…or rather, why does not static_cast-ing slow down my function?
Consider the function below, which performs integer division:
int Divide(int x, int y) {
int ret = 0, i = 32;
long j = static_cast<long>(y) << i;
while (x >= y) {
while (x < j) --i, j >>= 1;
ret += 1 << i, x -= j;
}
return ret;
}
This performs reasonably well, as one might expect.

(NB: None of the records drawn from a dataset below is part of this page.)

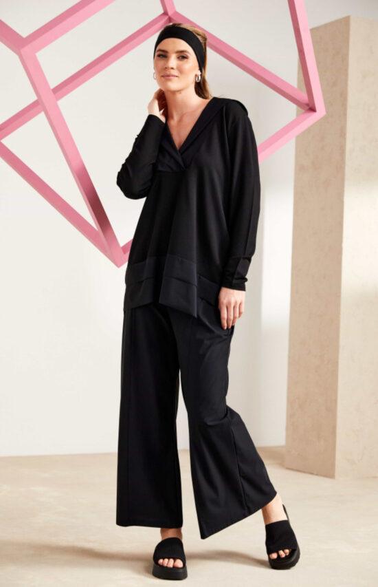 NAYA Wide leg flared trouser with seam detail in navy 100.00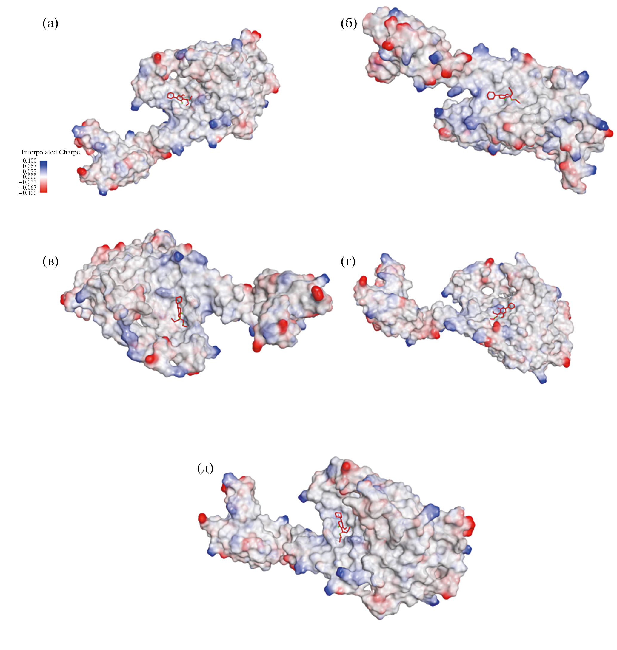 При визуализации полученных комплексов удалось отследить изменения в положениях лиганда относительно белка-мишени (рис. 1).
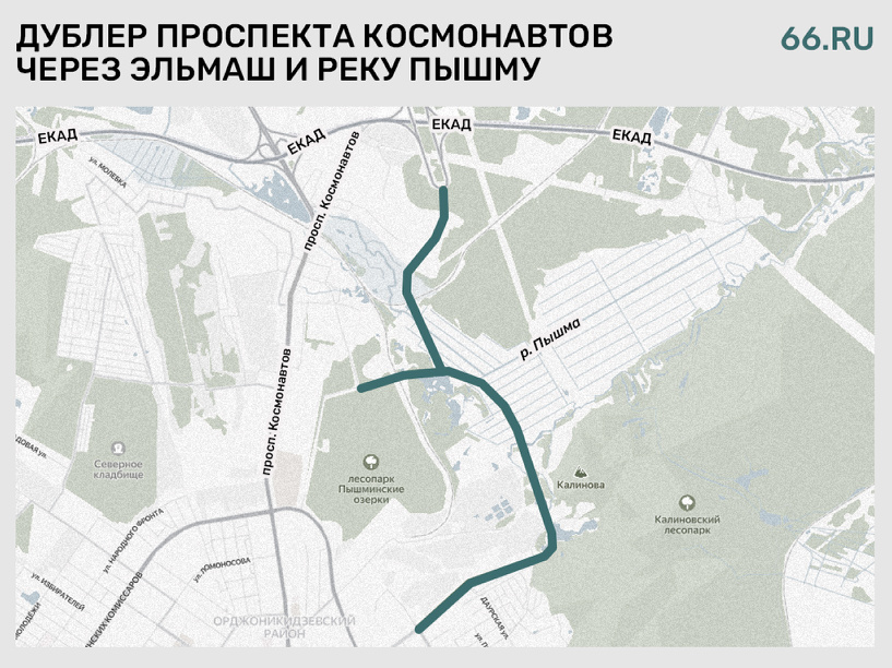 Свердловское управление государственной экспертизы с третьей попытки одобрило проект строительства дублера проспекта Космонавтов. Госэкспертиза отклоняла проект дважды: сначала — из-за того, что трассу проложили в подтопляемой зоне, затем — потому что компания-подрядчик («РосИнсталПроект») сорвала сроки сдачи проекта, не согласовав его с владельцами инженерных сетей, городскими службами и управлением автомобильных дорог. Русла рек Пышмы и Камышенки переустроят. По проекту на участке запланировали очистные сооружения, два пешеходных перехода, тротуар и велодорожку от Пышминских Озерков. На втором этапе работ построят многоуровневую развязку у ЖК «Изумрудный бор», сообщил близкий к мэрии телеграм-канал «Екатеринбург. Главное».

However, if we remove the static_cast on line 3, like so:
int Divide(int x, int y) {
int ret = 0, i = 32;
long j = y << i;
while (x >= y) {
while (x < j) --i, j >>= 1;
ret += 1 << i, x -= j;
}
return ret;
}
This version performs noticeably slower, sometimes several hundreds times slower (I haven’t measured rigorously, but shouldn’t be far off) for pathological inputs where x is large and y is small. I was curious and wanted to look into why, and tried digging into the assembly code. However, apart from the casting differences on line 3, I get the exact same output. Here’s the line 3 output for reference (source):
With static_cast:
movsxd rax, dword ptr [rbp - 8]
mov ecx, dword ptr [rbp - 16]
shl rax, cl
mov qword ptr [rbp - 24], rax
Without static_cast:
mov eax, dword ptr [rbp - 8]
mov ecx, dword ptr [rbp - 16]
shl eax, cl
cdqe
mov qword ptr [rbp - 24], rax
The rest is identical.
I’m really curious where the overhead is occurring.
>Solution :
It’s very unlikely at the time of writing that your int is any larger than a 32 bit type.
The behaviour of a bitwise left shift << of any more than 31 places on a 32 bit signed type is undefined.

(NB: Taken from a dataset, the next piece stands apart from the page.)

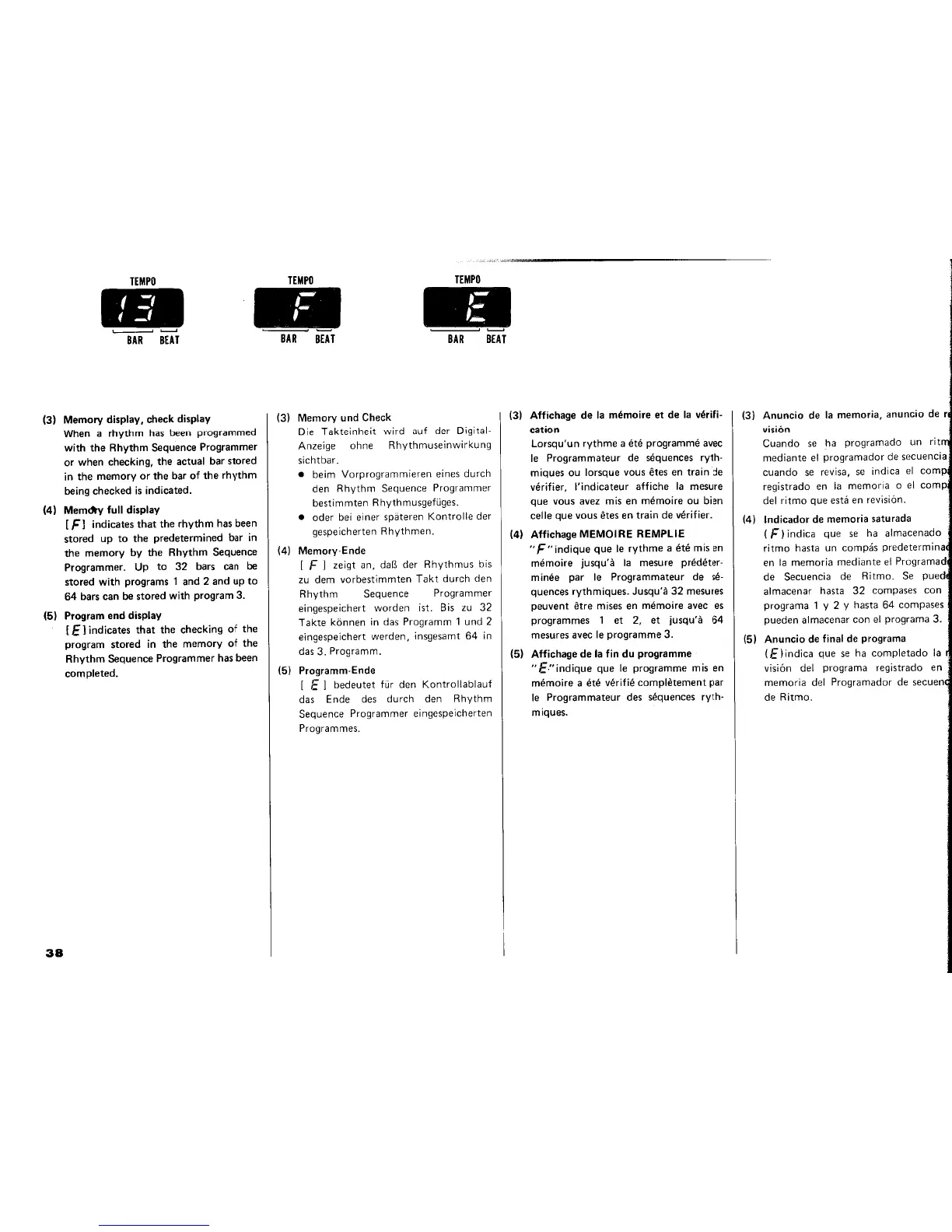 Yamaha Electone E-45 - Digital Display Memory and Program Status; Memory and Program End Indicators

So y << i is undefined without first promoting the first argument to a long type – and even then you’re assuming that long is wider than 32 bits (currently on Windows platforms it’s the same size as int).
It appears in the second assembly snippet that the compiler is getting confused and making a mess of things with machine level sign extension instructions.